Recently a patient asked me for some very basic advice about food shopping. A recent widower with no experience cooking for himself, his diet centered around eating one meal a day at a local diner, with cereal or canned spaghetti representing a special effort at home.
Listen Doc, I’m not looking for a cooking class, but just tell me real quick, what’s the healthiest way to eat? I mean, what do I get at the grocery store?
Knowing his limited culinary ambitions, and his genuine interest in having me cut to the chase, I offered three simple rules for healthy grocery shopping, pared down to the most minimalistic and efficient guiding principles I could think of:
#1. Keep to the outside perimeter.
In the typical store layout, all the refined, processed, packaged, chemical-laden, corporate-engineered food and snacks are stacked in the middle aisles. That’s because in the center aisles, shelf life is long and therefore nutrients are scarce. Along the outside aisles he could range free among the greens, fruits, lean meats and dairy, and avoid yellow #5 in the process!
#2. Load up on plants.
The beautiful thing about rediscovering fruit and vegetables as food is that these can be eaten with minimal preparation, have been engineered naturally by selection over millions of years to be nutritious, and constitute the foundation of healthy eating. Cut up a red pepper and dip into hummus. Spread peanut butter on an organic gala apple. Learn to sauté garlic with greens and a pinch of salt.

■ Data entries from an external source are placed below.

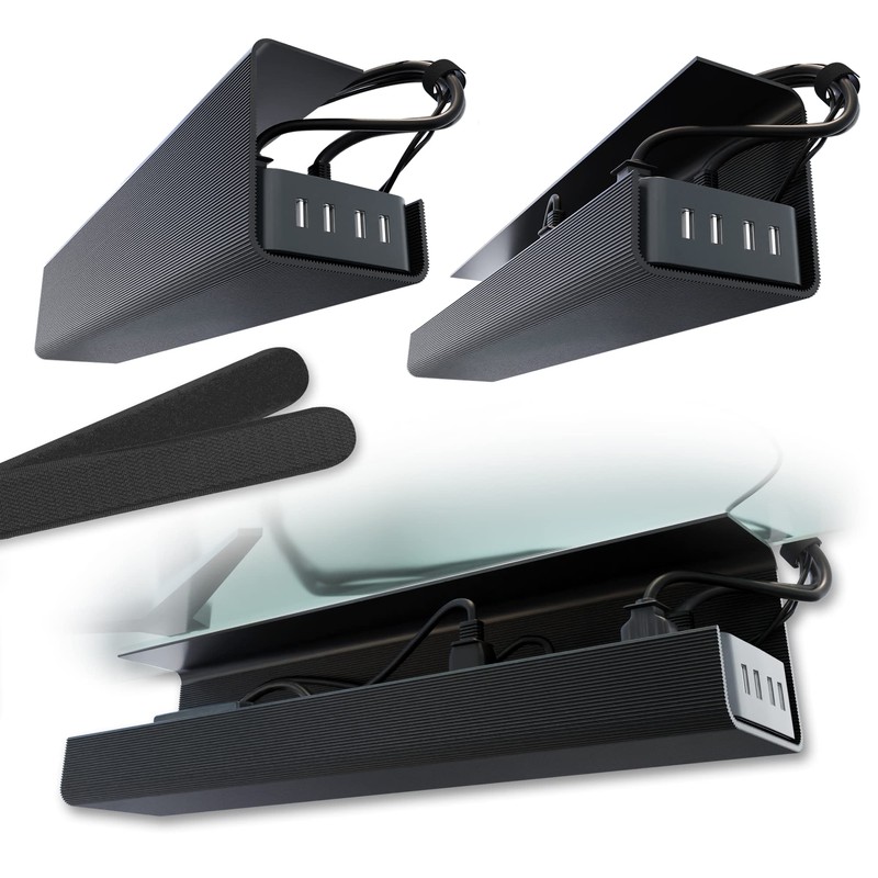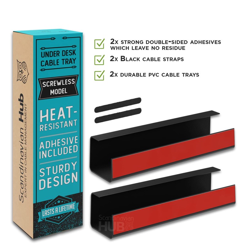 Scandinavian Hub No-Screw Under Desk Cable Management Tray - Self-Adhesive Installation, Cord Management, Cable Tray, Under Desk Wire Organizer - Black Set of 2
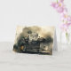 Cette carte blanche présente un collage numérique d'une machine à écrire manuelle vintage avec des fleurs et une tasse de café, sur un arrière - plan d'aquarelle sépia.
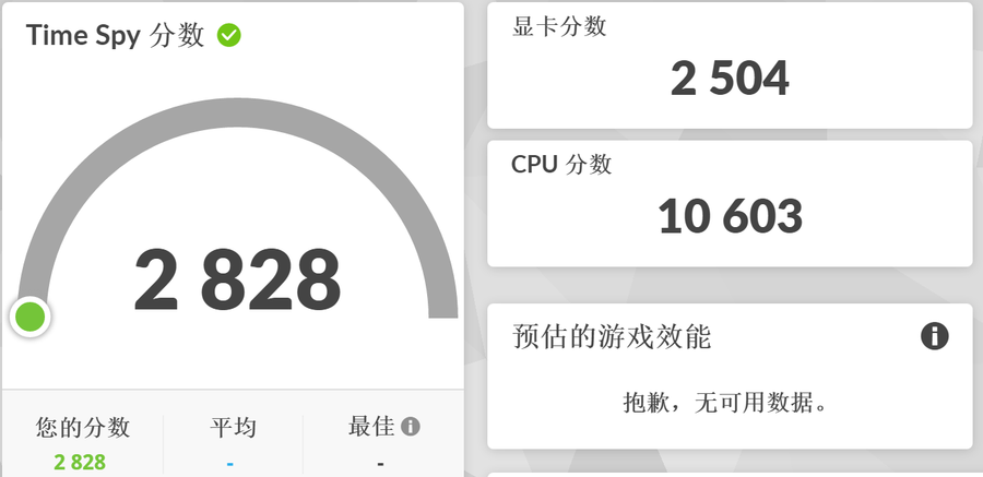 3DMark Time Spy是一个DX12基准测试,可分别测试GPU和CPU对DX12的支持,RedmiBook Pro 14 2022的得分为2828分,显卡分数为2504,CPU分数为10603。
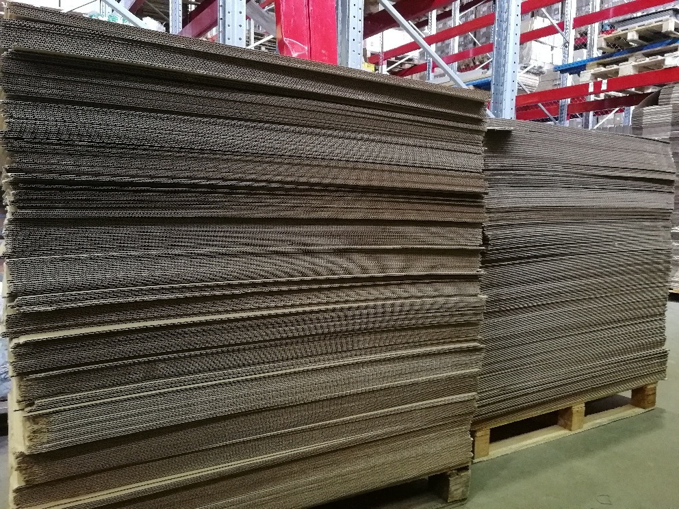 Nahaufnahme einer Aluminiumwand aus Wellblech auf einem Lager.
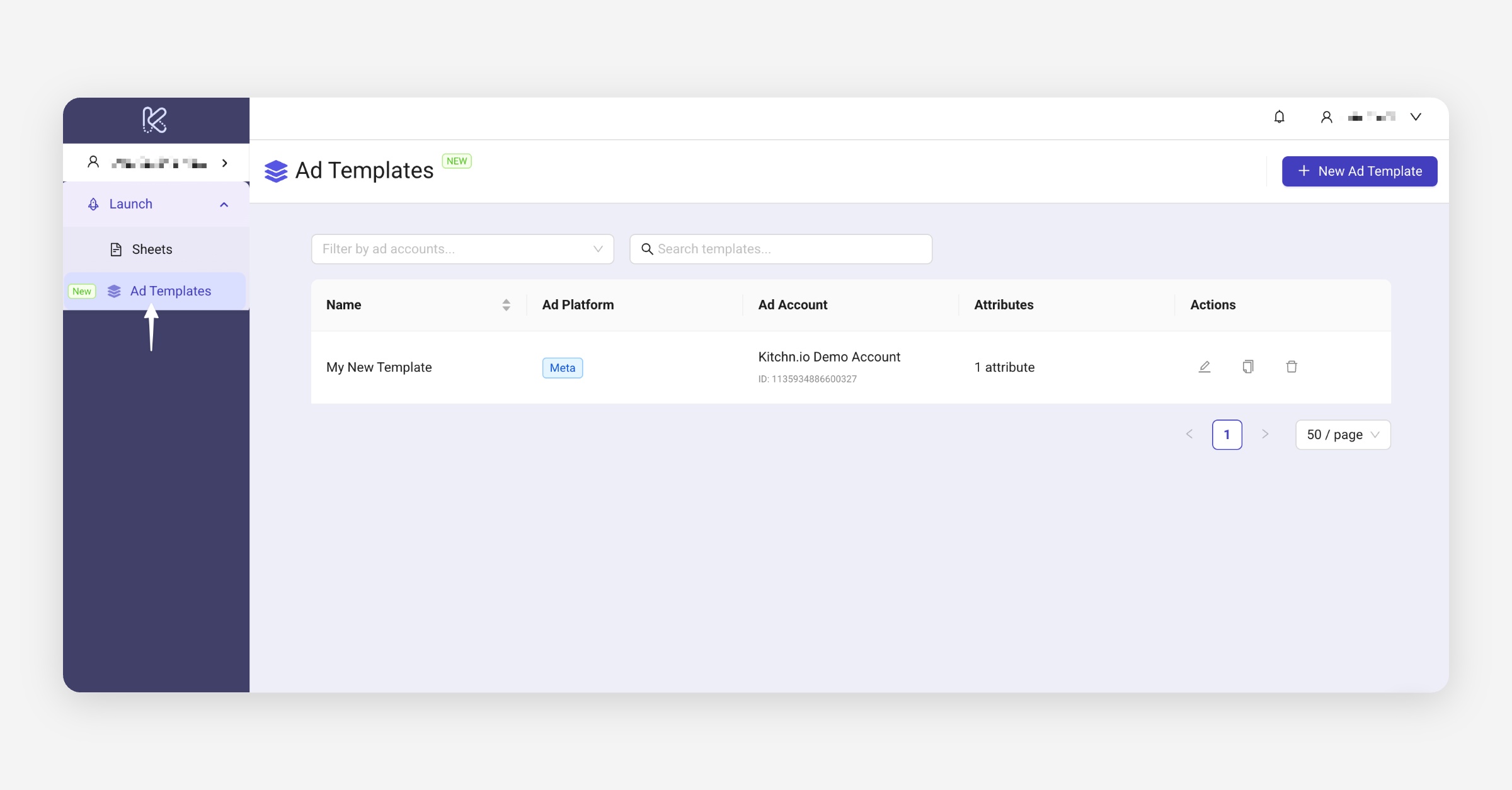 Filter templates by ad account
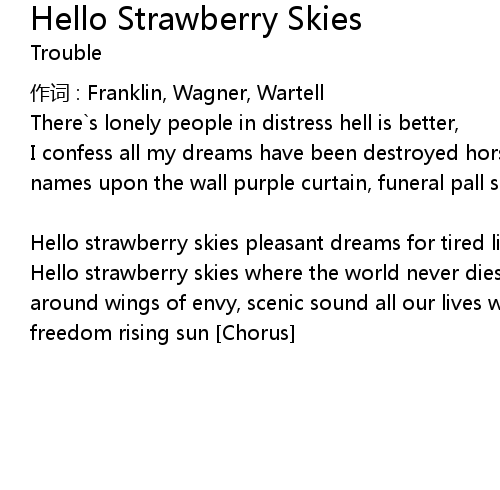 | Hello strawberry skies pleasant dreams for tired lives | |
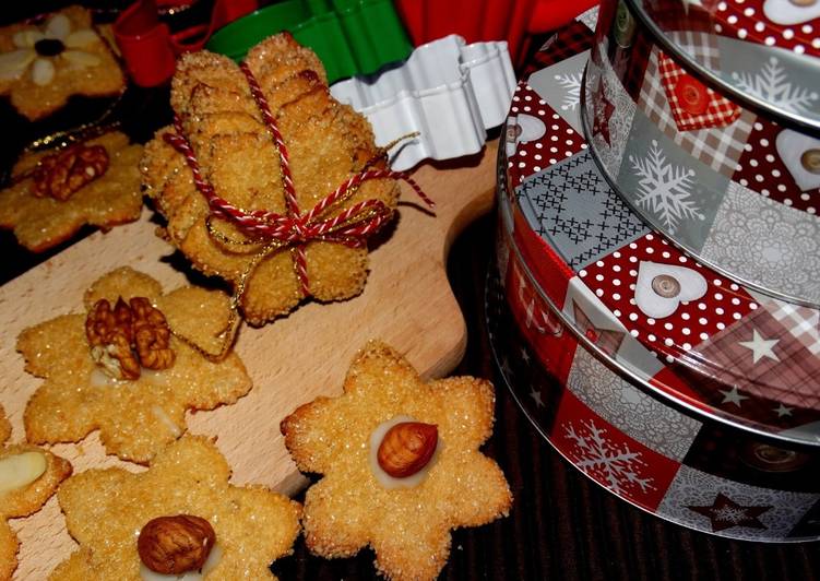 - Upieczone ciasteczka można dodatkowo udekorować. Orzeszki i migdały przyklejam do ciasteczek za pomocą odrobiny lukru..

#3. Eat as your great-grandparents would eat.
Surging obesity, diabetes, and even cancer rates can at least partially be attributed to a carbohydrate-heavy, over-processed food supply rife with high fructose corn syrup, hydrogenated fats, and mystery chemicals. Read the ingredients, and if they weren’t eating it in 1899 then maybe we shouldn’t either.
FYI: Eating Healthy Isn’t Cheap or Easy—But It’s Worth It
The bill might be more expensive to shop this way, especially since low quality coupon foods, frozen franken-dinners, and corn dogs of all shapes and sizes will not make it into this man’s shopping cart… but I think it is better for him to pay on the front end and enjoy the pleasant feeling of a body sustained with real foods, than to see me and all my doctoring friends, with a host of medical problems born of the modern grocery store.
Back in the day we had a tribe to show us how to pick edible mushrooms in the forest, and how to catch fish. Now we have logos and boxes featuring cartoon characters. Most of us have little time or interest in learning about nutrition, and conflicting rules about how to eat healthy.
So these were three simple rules I tried to pass off as good advice, in between my own pressured, manic bites of home-cooked leftovers as my lunch for the day… perhaps better and certainly faster than the local Mc-trough.